American sedevacantist bishop (1951–2022)

Daniel Lytle Dolan (28 May 1951 – 26 April 2022) was an American sedevacantist Catholic bishop.

==Biography==
===Priesthood===

Born on May 28, 1951, Dolan entered the minor seminary of the Archdiocese of Detroit in 1965, and continued his studies with the Cistercians, and finally at the Seminary of Saint Pius X in Ecône in Switzerland, where he was ordained a priest by Marcel Lefebvre on June 29, 1976. Already, in the autumn of 1973, as a seminarian, he came to the conclusion that Pope Paul VI was not a valid pope. In 1977, Dolan returned to the United States and within a few years founded 35 Mass centers for the society, including St Gertrude the Great Parish, which was established in West Chester, a suburb of Cincinnati, Ohio, in 1978.

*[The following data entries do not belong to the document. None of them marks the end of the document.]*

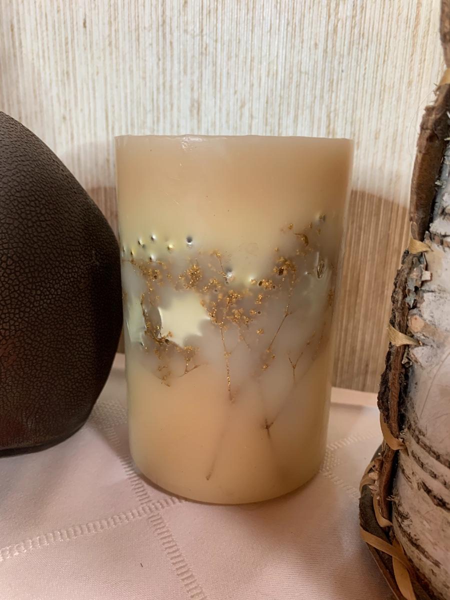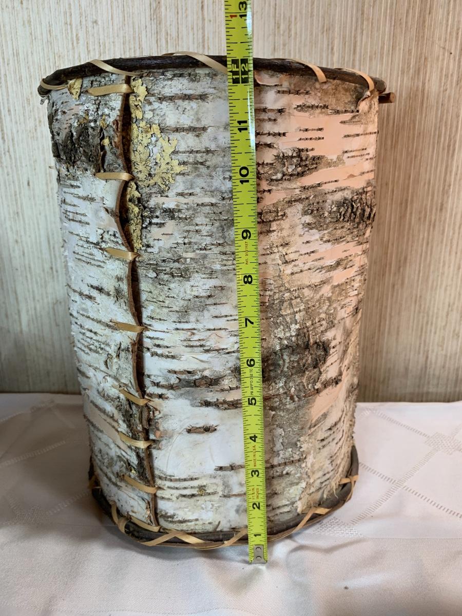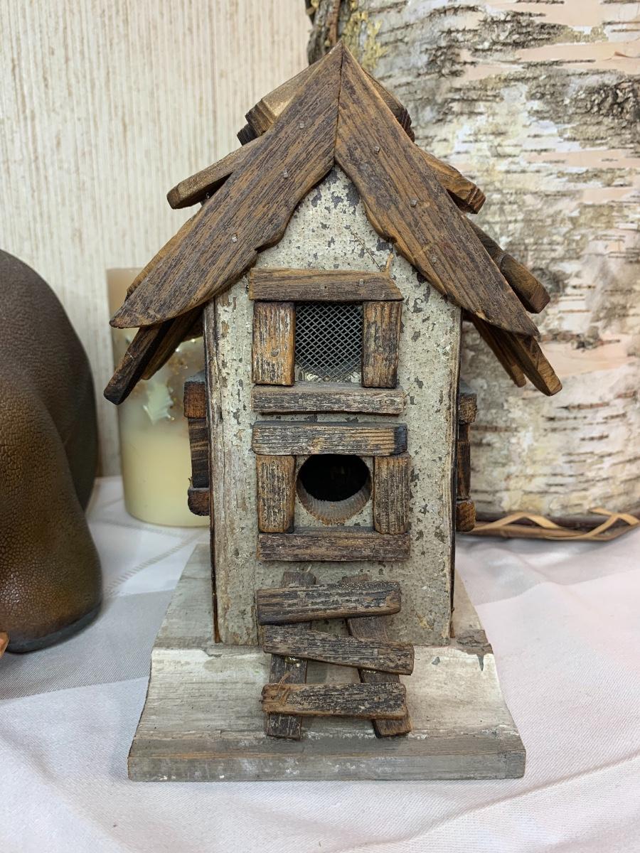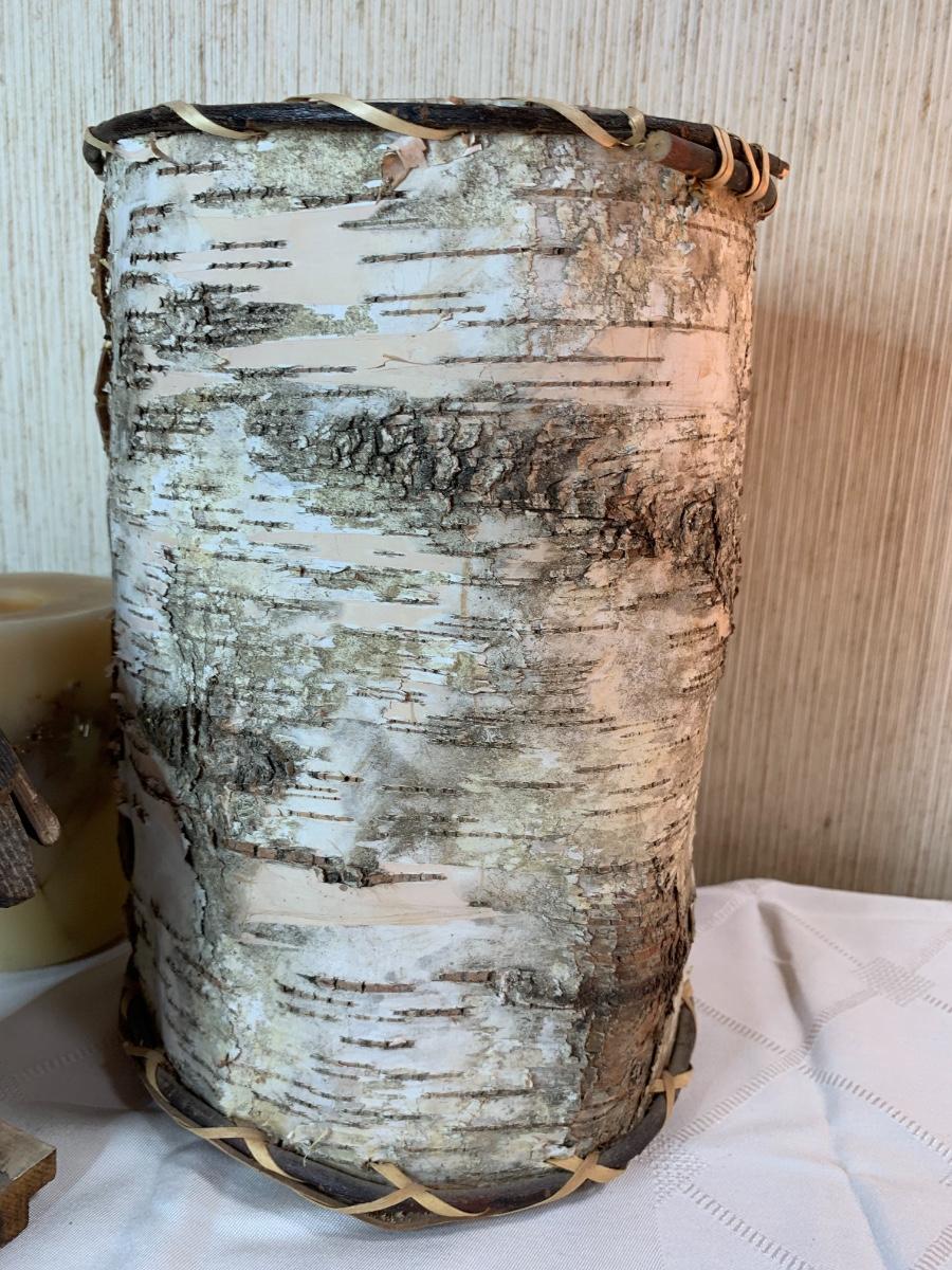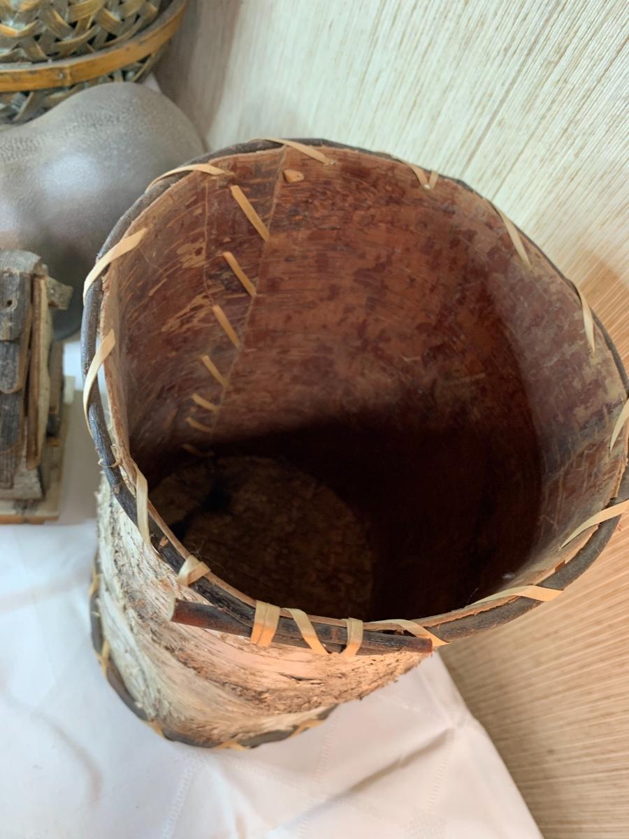 Two Nestled Baskets with pine cones, two bears (one large and one small made of different materials), A Tree Bark Trash Can about 1ft tall, a rustic candle, and a decorative cabin made from a tree.
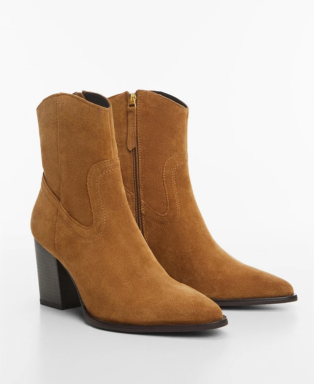Mango Women's Bow and Decorative Stitching Leather Boots
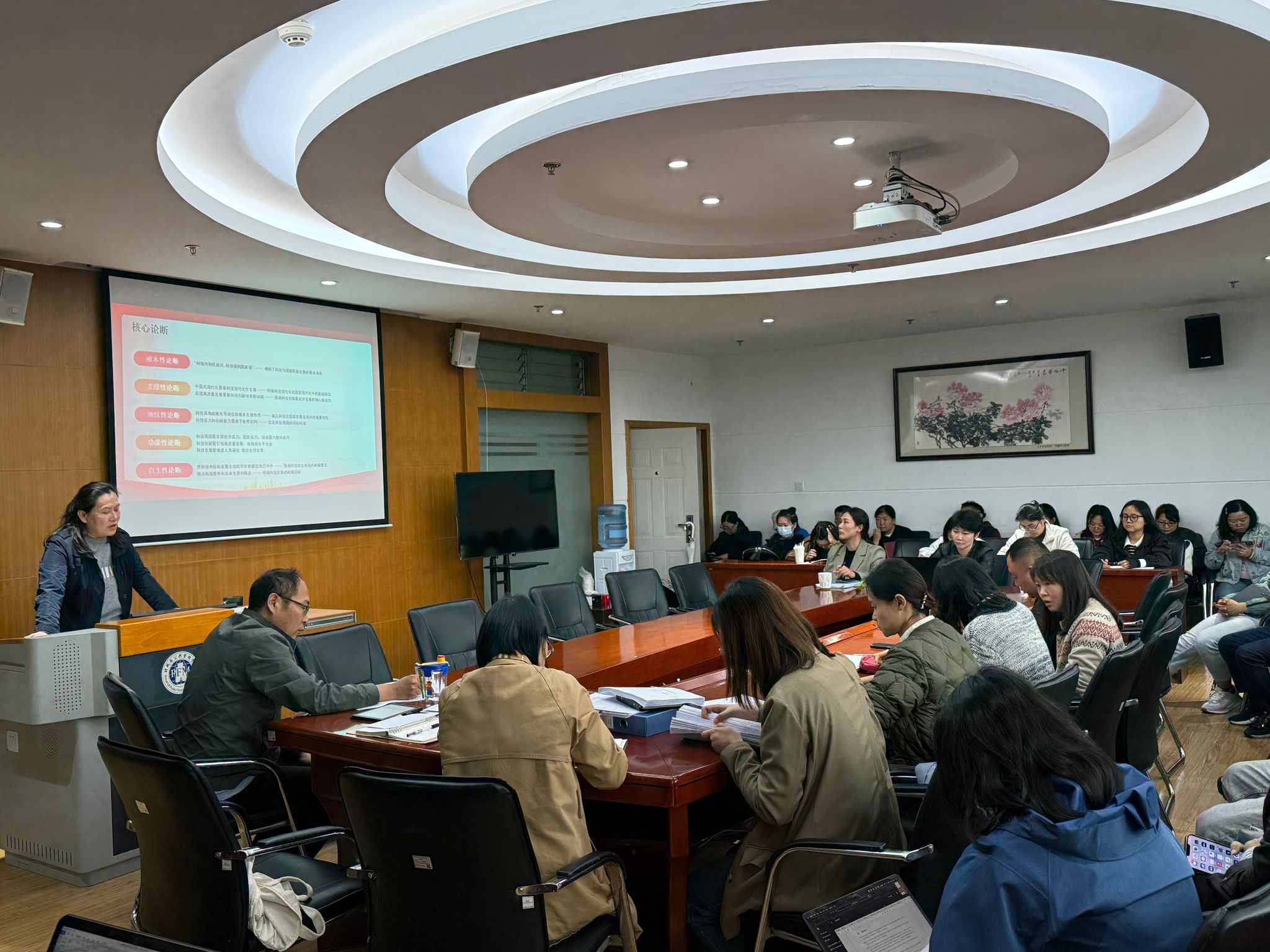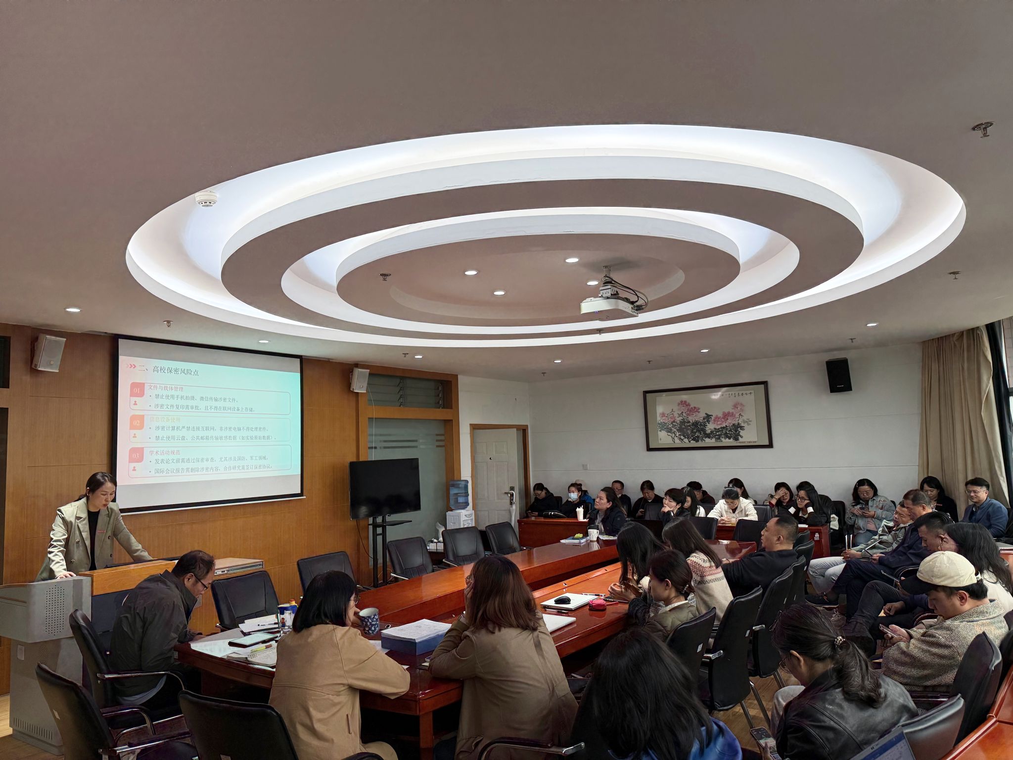 王晓芬以“增强保密意识 筑牢安全防线”为主题作专题领学。她对新修订《保密法》进行了系统阐述,详细解读了高校保密工作的重点和风险点,并结合典型案例开展了警示教育。王晓芬强调,要深入学习贯彻习近平总书记关于总体国家安全观的重要论述,充分认识保密工作的重要性,切实增强保密意识,严格遵守保密法律法规和学校保密工作制度,确保学院各项工作安全稳定开展。
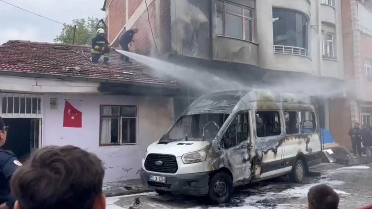 Minibüsün kullanılamaz hale geldiği yangında ev ve iş yerinde de hasar oluştu.
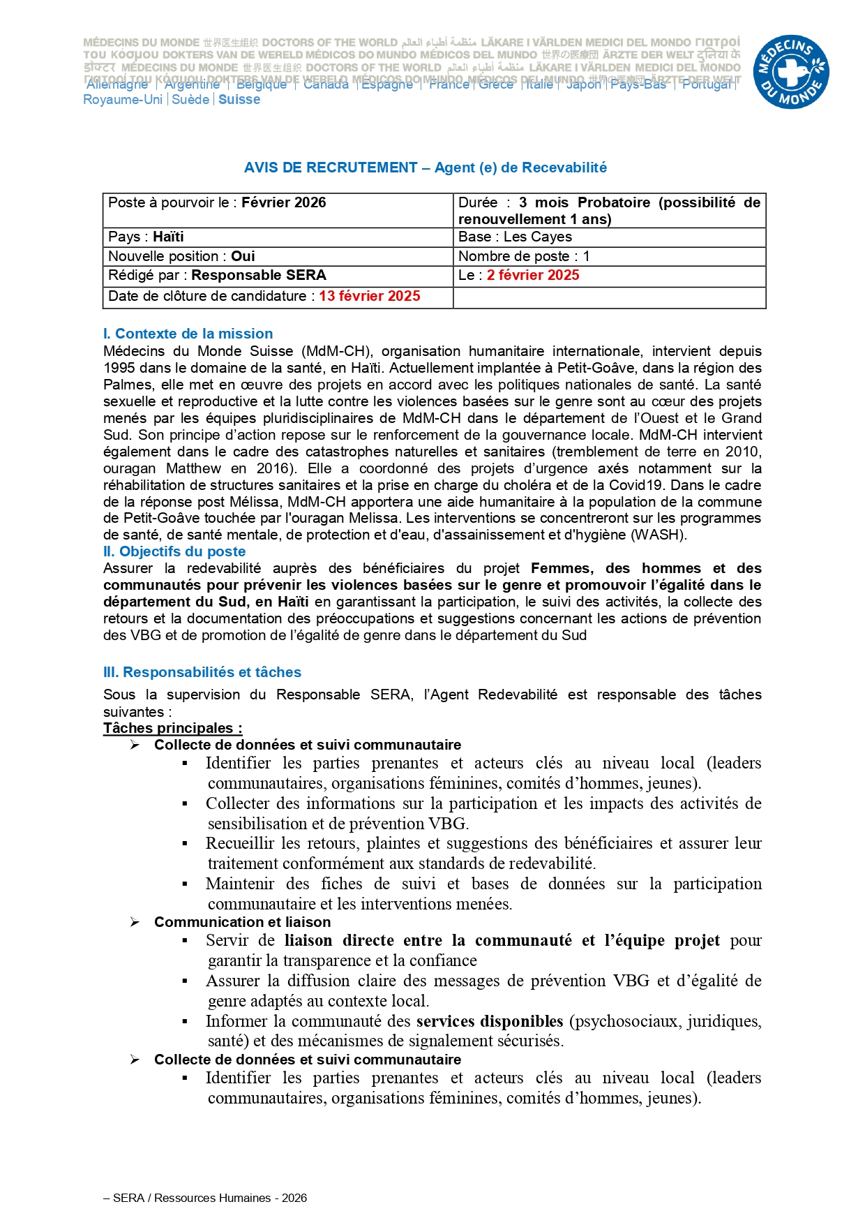 NB : La plateforme EPS Caraïbes ne fait que relayer les offres d'emploi de l'institution et elle n'a aucune implication dans le traitement et la sélection des dossiers du(es) Candidat(es) ! Merci de suivre les instructions et d'acheminer directement vos candidatures auprès de l'institution qui recrute pour ce poste, en suivant les informations données dans la partie descriptive du présent poste !
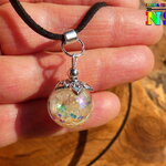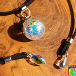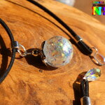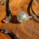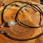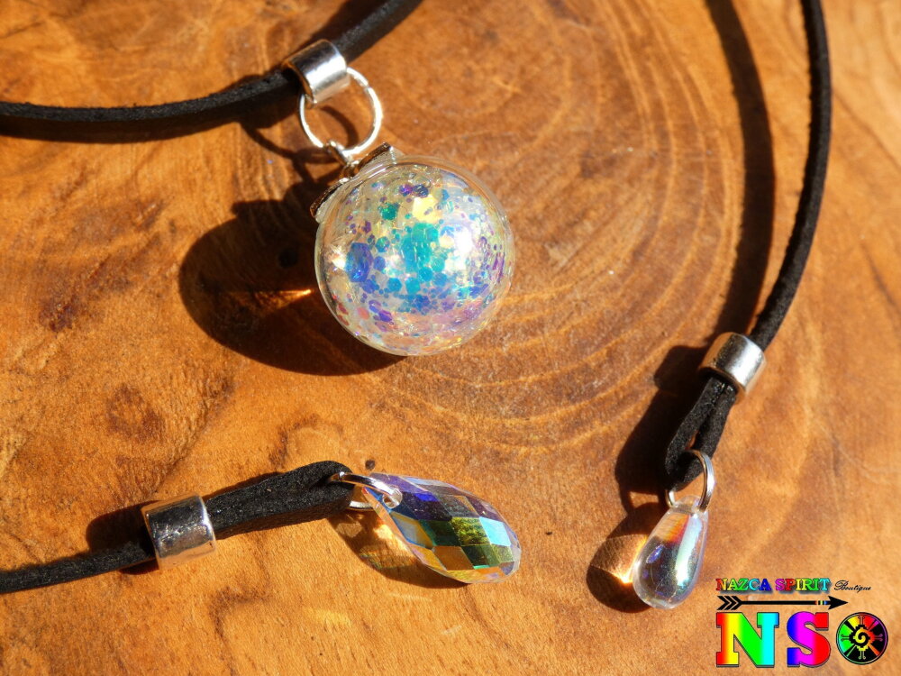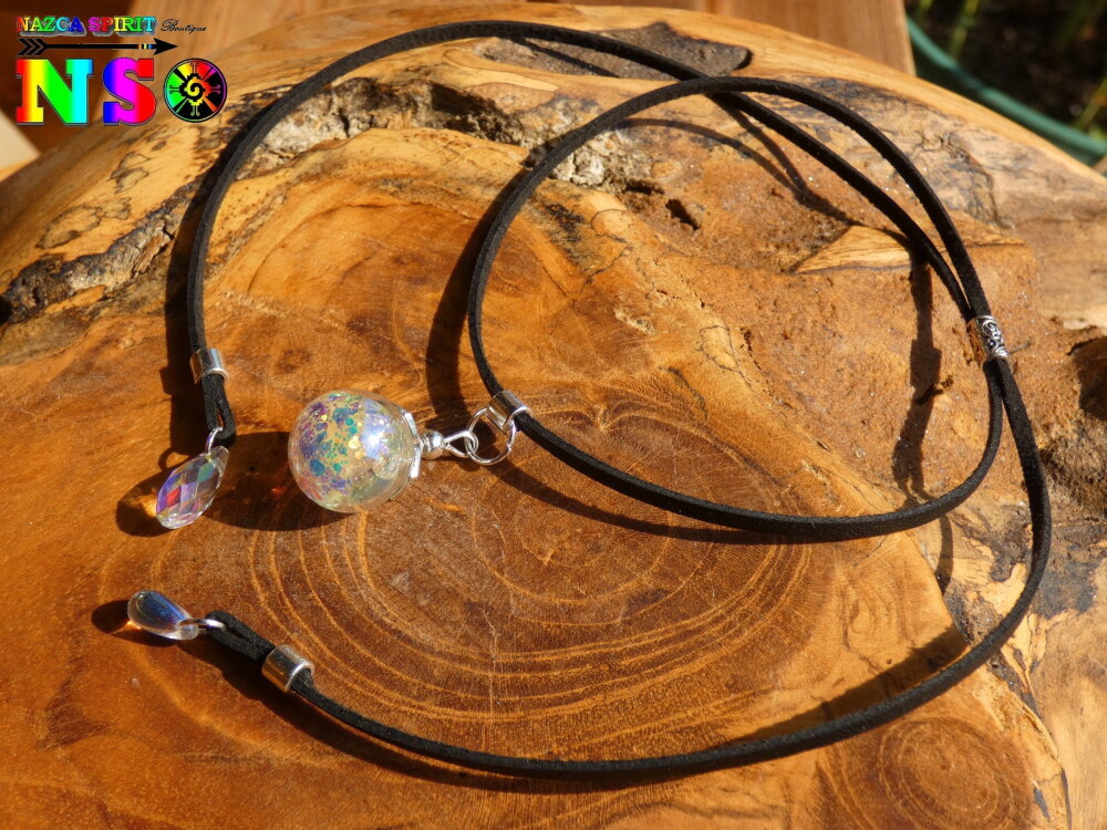 Collier Ajustable Tour de Cou Daim Suédé Noir, Pendentif Orbe Magique, Bijou de Fée Lumineux, Sphère Féérique Multicolore Iridescente

In 1982, Marcel Lefebvre directed the Seminary of Saint Pius X's American priests to follow the 1962 liturgical books. Dolan and eight other American priests refused to do this. On 27 April 1983, these nine priests, along with some seminarians who were sympathetic to them, were promptly expelled from the Society of Saint Pius X (SSPX) by Lefebvre, for their refusal to use the 1962 Missal and for other reasons, such as their resistance to Lefebvre's order that priests of the SSPX must accept the decrees of nullity handed down by diocesan marriage tribunals, and their disapproval of the SSPX's policy of accepting into the society new members who had been ordained to the priesthood according to the revised sacramental rites of Paul VI. The priests swiftly formed the Society of Saint Pius V (SSPV).

===Episcopacy===
In 1989, Dolan left the Society of Saint Pius V and came into contact with the Congregation of Mary Immaculate Queen (CMRI). He was consecrated a bishop by Bishop Mark Pivarunas, the Superior General of that order, on 30 November 1993, at Saint Gertrude the Great, West Chester, Ohio.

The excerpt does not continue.